Lien Priority Rules!

Property law luminaries R. Wilson Freyermuth and Dale A. Whitman have published a concise and powerful article in the July/August edition of the ABA’s Probate & Property magazine that is both clarifying and compelling with respect to the continuingly contentious issue of residential real estate lien priority.

The priority contest between first mortgage lenders and homeowner’s associations was a dormant (or even non-existent) issue until the Foreclosure Crisis of 2008. But the Foreclosure Crisis changed the context of residential real estate lien priority questions in two ways:

  • First, home values plummeted and for the first time, a significant number of homes were “underwater” – meaning that the value of the home was less than the amount of loans secured by liens thereon. When an asset’s value covers the full face amount of all liens, lien priority doesn’t much matter in terms of whether or not a lienholder will be paid (even though, of course, it still significantly governs procedure and effect of foreclosure of liens).  When an asset’s value fails to cover the amount of its liens, however, the question of priority becomes crucial. In this environment of scarcity, the first in line gets paid, and the later in line may not. 
  • Second, the sheer volume of mortgage loan defaults increased ten-fold, overwhelming the judicial system and the foreclosure departments of banks and servicers. The massive increase in number of defaulted loans (together with the widespread confusion that resulted from over-zealous loan securitization and avoidance of traditional mortgage assignment through the use of MERS – which is a topic for another day) led to previously unimagined delays in foreclosure and a huge increase in the number of homes facing foreclosure, particularly in certain states and communities where the mortgage defaults clustered.  When lienholders delay foreclosure, priority very much matters because liens with higher priority can foreclose and wipe out junior liens.

These two significant context changes arising from the Financial Crisis have not fully abated, even seven years later.  And so, today, priority rules very much matter to any holders of residential real estate liens.

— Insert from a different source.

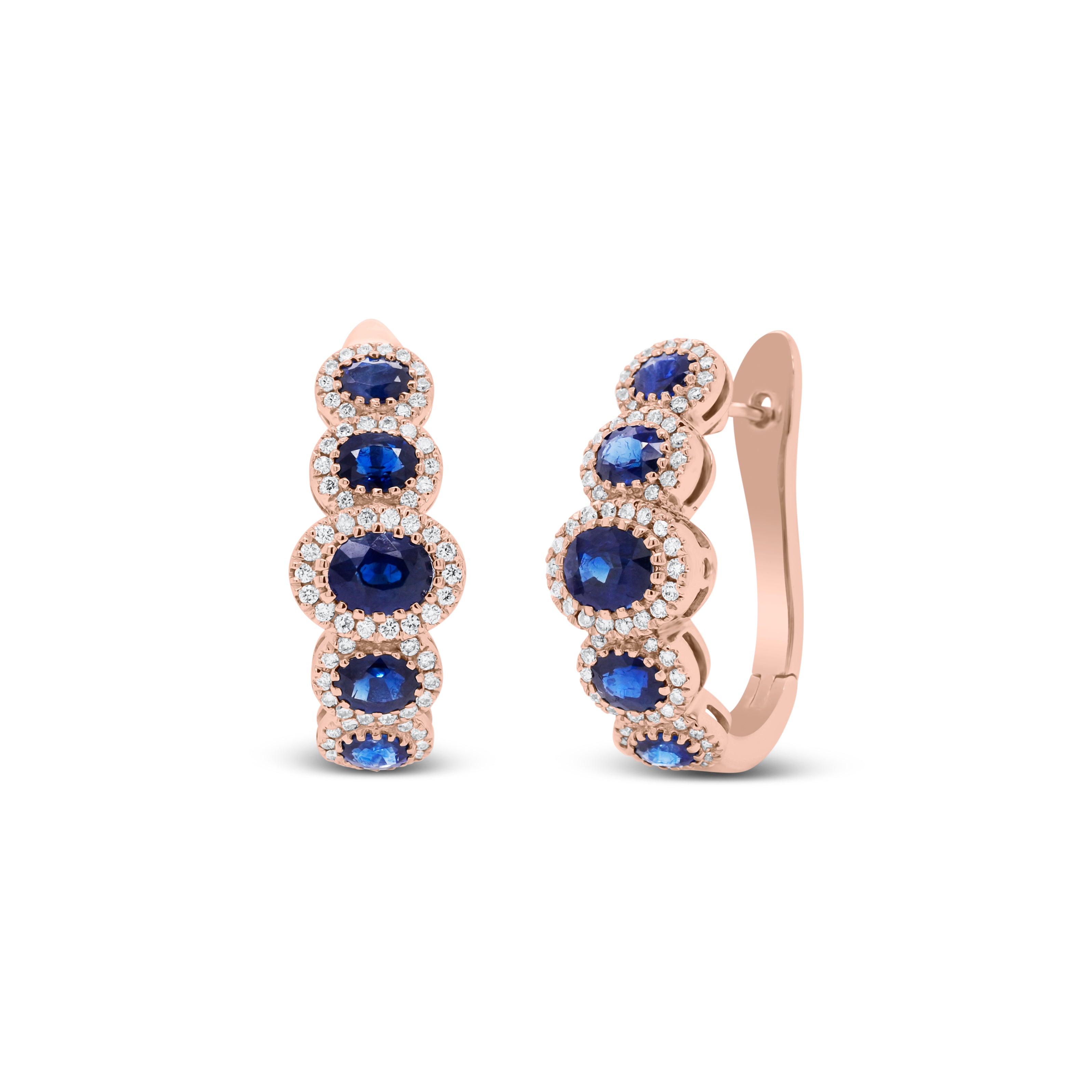 The deep blue hue of sapphire is enhanced by shimmering diamonds in this classic pair.

Homeowner Associations are one type of lienholder that is unfairly harmed by this combination of underwater mortgages and high quantity of loan default/foreclosure delay.  In approximately 30 states, a mortgage lien has complete priority over HOA liens, and foreclosure delay coupled with failure to pay association dues can lead to community financial disaster.  Sometimes HOAs are vilified in the media and in popular parlance, but it remains true that even if you hate the concept of an HOA, it is supremely unfair to have financially responsible people living in a neighborhood end up paying their defaulting neighbors’ “fair share” of community common costs.

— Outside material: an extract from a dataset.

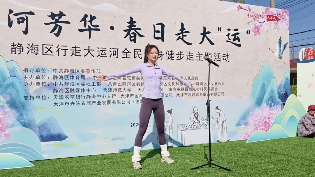 为深入贯彻习近平总书记关于大运河文化保护传承利用的重要指示精神,全面落实全民健身国家战略,4月11日,静海区陈官屯镇举办“运河芳华·春日走大‘运’”暨静海区行走大运河全民健身健步走主题活动。我校30名师生受邀参加开幕式表演,并开展志愿服务活动,以青春活力赋能基层文体事业发展,丰富群众精神文化生活,展现新时代大学生的责任与担当。

In approximately 20 other states, statutes (including the state’s version of the Uniform Condominium Act or the Uniform Common Interest Ownership Act) have granted a limited priority to association liens, typically in the amount of six months of association dues.  When mortgage foreclosures were relatively rare and occurred relatively promptly, HOAs merely waited for a mortgage lender to foreclose and then took the 6-months worth of unpaid assessments off the top of the lender’s foreclosure recovery.  When the Foreclosure Crisis hit, it was unclear how this priority would work in cases where a 1st mortgage lender had delayed foreclosure. Could an association independently foreclose its limited priority lien and obtain 6-months worth of back assessments?  If so, what would be the effect of that foreclosure if the 1st mortgage lender failed to redeem its interest by paying off that super-priority portion of the association lien? (See Community Collateral Damages: A Question of Priorities discussing a description of the problem circa 2010).

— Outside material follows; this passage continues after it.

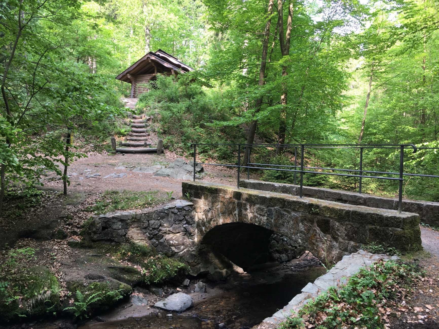 - Bergmannsbrücke am Wasserfall mit Schutzhütte im Hintergrund

In 2012, a Washington Court of Appeals held that the limited priority HOA lien acted like any other lien with a higher priority, meaning that the HOA could foreclose its lien with property notice to junior lienholders (including the holder of the first mortgage), and this foreclosure would operate to extinguish the first mortgage lien. Summerhill Village Homeowners Ass’n v. Roughly, 270 P.3d 639 (Wash Ct. App. 2012). Two years later, the DC Court of Appeals and the Nevada Supreme Court agreed with this interpretation. Chase Plaza Condo. Ass’n, Inc. v. J.P. Morgan Chase Bank, N.A., 98 A.3d 166 (D.C. Ct. App. 2014); SFR Investments Pool 1, LLC v. U.S. Bank, N.A. 334 P.3d 408 (Nev. 2014).  The Joint Editorial Board for Uniform Real Property Acts also endorsed this view, stressing that treating the limited priority portion of a HOA’s lien as a lien with “true” priority was essential to strike “an equitable balance between the need to enforce collection of unpaid assessments and the obvious necessity for protecting the priority of the security interests of lenders.” 

Enter yet a THIRD context change resulting from the Financial Crisis: The conservatorship of Fannie Mae and Freddie Mac. On September 6, 2008, the Federal Housing Finance Authority (FHFA) placed Fannie Mae and Freddie Mac (which are Government Sponsored Enterprises or GSEs) into federal conservatorship.  This unprecedented move likely saved residential mortgage lending as we know it, but has fundamentally changed the players involved in the residential mortgage market.  Back in 2008 and 2009, it appeared that FHFA conservatorship was some form of bankruptcy and possibly even a federal wind-down of Fannie Mae and Freddie Mac, but the GSEs have bounced back into the black and today are even turning a profit (now for the government).  The FHFA shows no sign of turning the reins back over to shareholders or otherwise ending the now seven-year-old conservatorship of the GSEs.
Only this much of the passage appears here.